Прошло полчаса, однообразно пестрела зала, но кто эта маска, одетая корсаром? Для чего она не дает покою Милову и Софье, ходящим в менее освещенной части залы? Ее глаза сверкают, ее порывистые движения показывают сильное расстройство души, несколько раз, кажется, с намерением она толкнула Софью, несколько раз наступала на ногу Милову. Наконец, вышед из терпения, он толкнул ее так сильно, что маска едва устояла на ногах, оправившись, она быстро подошла к Милову, и распахнув верхнее платье, указала на пистолеты: он понял ее, и отведя изпуганную Софью к ее матери, пошел за маскою. Дикий Американец и какой-то рыцарь крестовых походов, бывшие недалеко и видевшие все дело, вызвались быть секундантами ссорившихся.
Рассветало. Сев в карету Американца, все отправились за город, дорогою Милов снял маску, секунданты уговаривали корсара сделать по же, но он остался замаскированным и сидел молча, закупавшись в медвежью шубу.

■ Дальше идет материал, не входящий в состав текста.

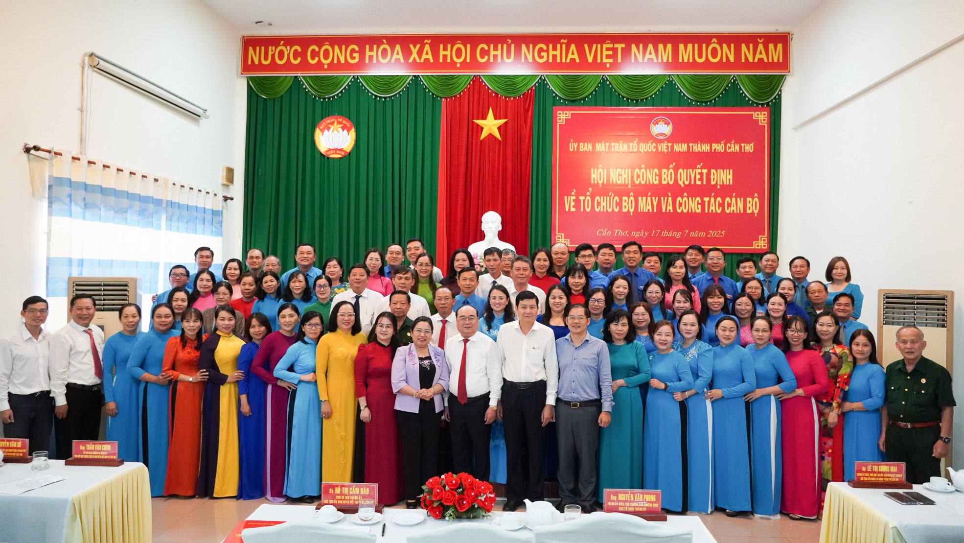 Chiều 17.7, Ban Thường trực Ủy ban Mặt trận Tổ quốc (MTTQ) Việt Nam TP Cần Thơ tổ chức Hội nghị công bố Quyết định về tổ chức bộ máy và công tác cán bộ của Cơ quan Ủy ban MTTQ Việt Nam TP.

На пятой версте карета своротила с большой дороги, и отъехав несколько в сторону, остановилась. Секунданты зарядили пистолеты порохом, бывшим в сумке корсара, и отмерили четыре шага для барьера и по десяти в обе стороны.
Взяв пистолеты, соперники идут к барьеру. Оба одинаково храбры, оба пылают мщением. Шагах в шестнадцати, Милов выстрелил, рука его дрожала: еще в первый раз готовилась она нанести смерть — он промахнулся, но с тою же неустрашимостию, с тем же хладнокровием продолжает идти уже на верную смерть. У барьера они сходятся и корсар просит секундантов удалиться на минуту, говоря, что имеет нечто тайное сказать своему противнику. Секунданты отошли в сторону, корсар снял маску и изумленным глазам Милова предстала графиня . . . . ‘Изменник!’ сказала она: ‘стоишь ли ты остаться в живых?’ Между тем пистолет ее был наведен на Милова, но в выражении лица не было ничего, угрожавшего ему смертию.
И негодование, и досада, и стыд стреляться с женщиною — все это раздирало Милова. ‘Умереть от тебя приятней, чем жить с тобою!’ отвечал он с презрением. — Графиня задрожала, судорожное движение сжало палец, лежавший на спуске — и с простреленною грудью, Милов упал на землю. — Пистолет выпал из рук графини, несколько секунд стояла она неподвижно, попом зашаталась и упала на тело Милова, хладеющей рукою он оттолкнул ее от себя, и произнося имя Софьи, казалось, жалел только об ней, оставляя землю.
Услышав выстрел, секунданты подошли, помощь Милову была бесполезна, но каково ж было их удивление, когда в корсаре они узнали женщину — узнали графиню Р.! Отвезя ее в ближнюю деревню, они старались возвратить ей чувства, она получила употребление их, — но раскрывшиеся глаза ее блуждали, но движущиеся уста произносили бессмысленные звуки.
Посещая в доме сумасшедших одного несчастного родственника, потерявшего рассудок, видел я женщину бледную, худую, с потухшими глазами: вид всякого мужчины приводил ее в слезы, на всякую женщину смотрела она с ужасом, и говорят, что с трудом можно было удержать ее бешенство при виде молодой девушки. — Ее стройный стан, ее правильные черты лица, ее большие, темно-голубые глаза — все показывало в ней бывшую красавицу…. Эта несчастная была графиня Р.